Of course, “demagoguery” is the point. It’s no accident that Republicans have landed on this particular accusation. The belief that Democrats are pedophiles — and that at its top levels the Democratic Party is an elaborate pedophilia ring — looms large in the QAnon conspiracy theory, which is something like orthodoxy for a substantial portion of the Republican base. In a poll taken just before the 2020 election, half of Donald Trump supporters agreed that “top Democrats are involved in elite child sex-trafficking rings.” And in a poll taken last year by the Public Religion Research Institute, 15 percent of Americans say that “the levers of power are controlled by a cabal of Satan-worshiping pedophiles.
The Republican attacks on Jackson are a QAnon dogwhistle, and QAnon followers have heard the message. In a recent piece, my newsroom colleagues David D. Kirkpatrick and Stuart A. Thompson describe how “the online world of adherents to the QAnon conspiracy theory sprang into action almost as soon as Senator Josh Hawley tweeted his alarm.” On forums and in videos, QAnon supporters have blasted Judge Jackson as “an apologist for child molesters” and a “pedophile-enabler.”
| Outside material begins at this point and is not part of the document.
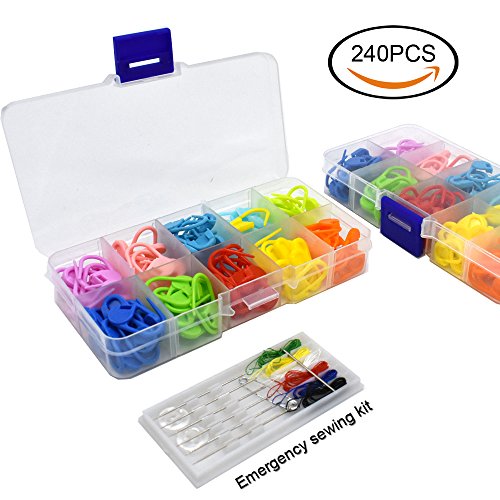 - ❤Package includes: 2 packs plastic stitch markers. Locking stitch markers set: 240 pieces plastic stitch markers in 10 colors, each color for 24 pieces, and you will get 1 pack*Emergency Sewing Kit

Where the Republican base goes, the politicians follow. That was true with the Tea Party, it was true with Trump, and now it is true with QAnon. Indeed, it is already the case that one of the most high-profile and sought-after politicians within the Republican Party, Representative Marjorie Taylor Greene of Georgia, is a QAnon influencer. For Hawley, Cotton and Cruz, whose presidential ambitions were clear from the moment they entered office, playing the QAnon game is a no-brainer.
It is also a travesty, a wicked and immoral use of the power of public office. Of course, neither wickedness nor immorality are, or have ever been, obstacles to political power. If they were then, well, we wouldn’t be living in this world.